One woman told me yesterday, “I have always been the rock for my family, I have always supported them through their crisis, and now I can’t do that anymore. A little while later, she said, “I’m just thinking about all of the gifts that God has given me that I haven’t used, and I realize that I’m just so selfish.” I reminded her to the two thoughts and asked her how she reconciled them. She said that she didn’t know. I think I probably responded, “Isn’t that the way with most situations, everything is itself and its opposite. “I have no doubt that you have always been the rock of your family helping them through crisis, and that you have gifts that were given to you by God and that you have not taken full advantage of. Can you think of ways that you might want to take advantage of some of those gifts now?

People have been responding favorably. They seem to enjoy the probing questions. It’s so amazing to me that they would talk so earnestly with a stranger.

A man on Saturday was taking himself to task about this worry. He quoted scripture that said that he shouldn’t worry. I sympathized with him that he had a lot on his plate in terms of his medical condition, and noted that his situtation was made even more difficult because his worry was seen as a crisis of faith. We talked about how in God’s world we don’t have to be perfect and how scripture points us to a more Christlike existence that asks us to always be striving toward a goal to be forgiving and trusting in God, but not one that demands that we always achieve that goal. It’s the striving that’s important, we agree.

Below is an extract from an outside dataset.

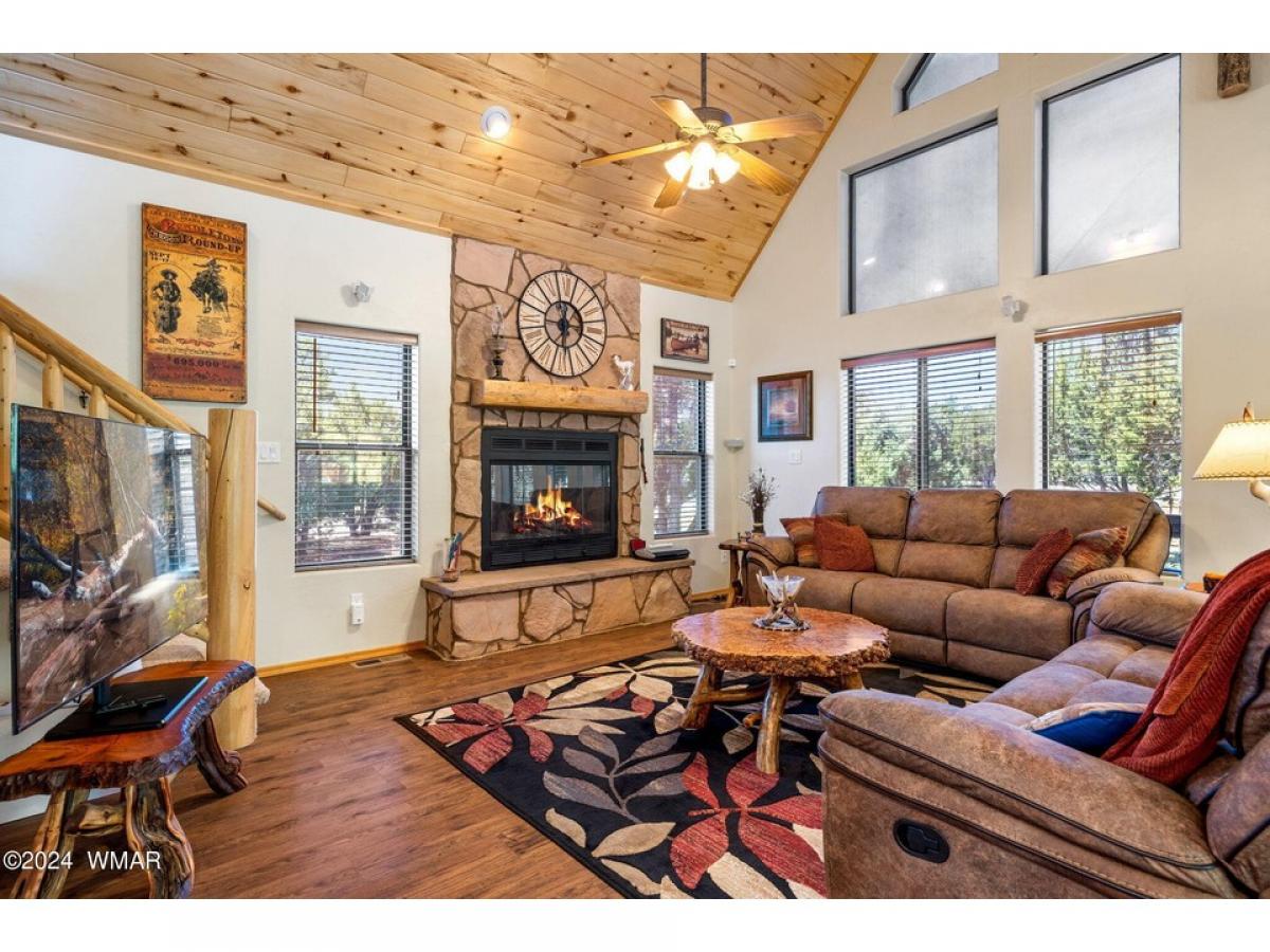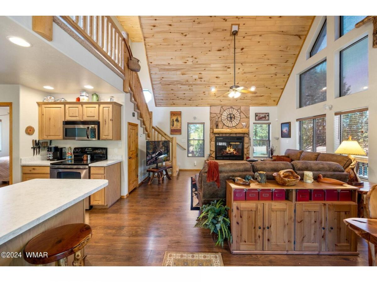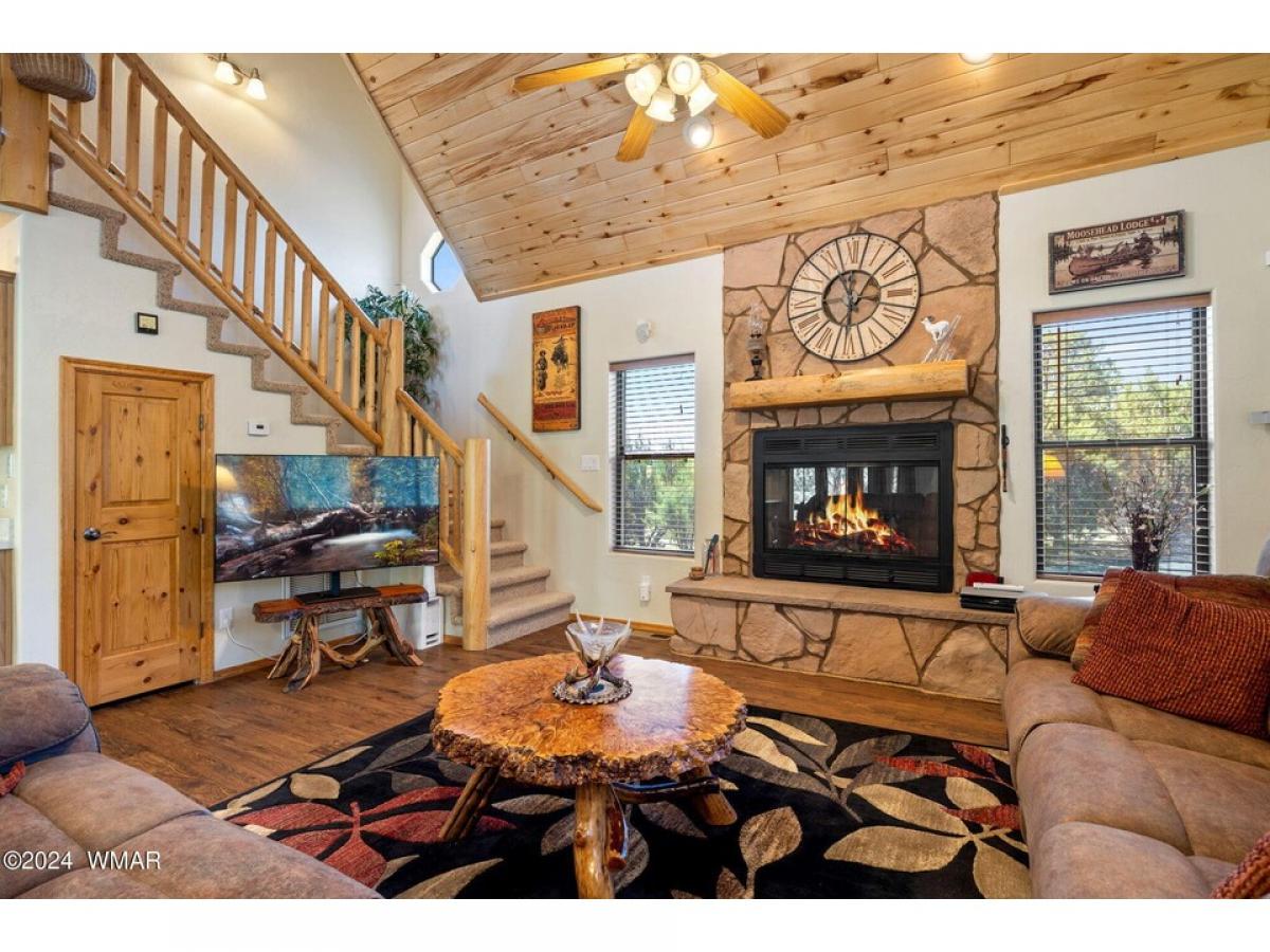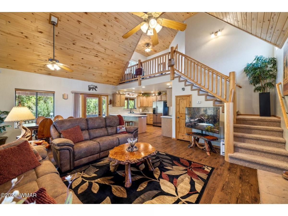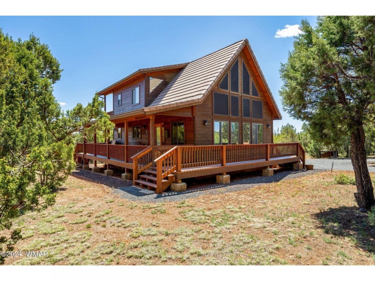 This beautiful home offers such a picturesque setting with its pine-covered surroundings. Nestled among the trees, is like a dream, especially with covered decks to enjoy the outdoors. This peaceful retreat is perfect for relaxing and soaking in the natural beauty of the area. Step into your weekend getaway or full time home and you will find an open floor plan, vaulted ceilings, gas fireplace and loft. The split bedroom offers privacy for all and the main bedroom has it's own private en suite and private balcony with amazing views. The ample sized kitchen offers plenty of room and space for all your baking & cooking needs and gorgeous quartz counters. Property comes furnished and turn key.
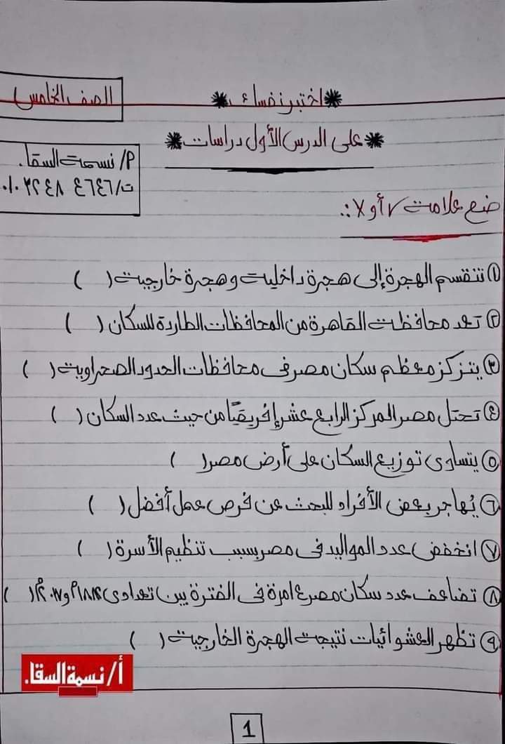 تحميل ملخص اهم اسئلة الدرس الاول دراسات خامسة ابتدائي الترم الثانى 2023

Many of the lessons explored in the patient’s rooms are ones that I need to take to heart. I don’t know if that because it’s a collaborative process, or whether, like that woman who was the rock, that I, too, am selfish at my core. “Aren’t we all,” I probably replied when she made the remark. In my understanding of the world, we are selfish and we are generous all in the same moment. It is the yin and yan of life, of human existence.

I think that’s one of the reasons I like this hospital work. It’s all pretty real here. People are stripped of their possessions, their clothes, their familiar surroundings. They, and we who walk with them, maneuver in the realm of the spirit, in the region of the heart, in the midst of high tech reality. It is the ultimate duality: it is complex and simple this healing of body and heart. The lessons and the healing are personal and universal.

I am learning about all that I don’t know. I am seeing that I know what I need to know. I am becoming differentiated from my emotions. I am learning about choice. I am seeing that we have to deal with what we have to deal with and that sometimes that dealing is surrendering to the situation, sometimes it’s diving in.

I am learning how different people are and how alike we are at the same time.

These are things that I share with the patients I visit. We fill each other’s days and for that, we are both grateful.

1 Comments:

At 2:37 PM, Blogger 嘉王偉 said...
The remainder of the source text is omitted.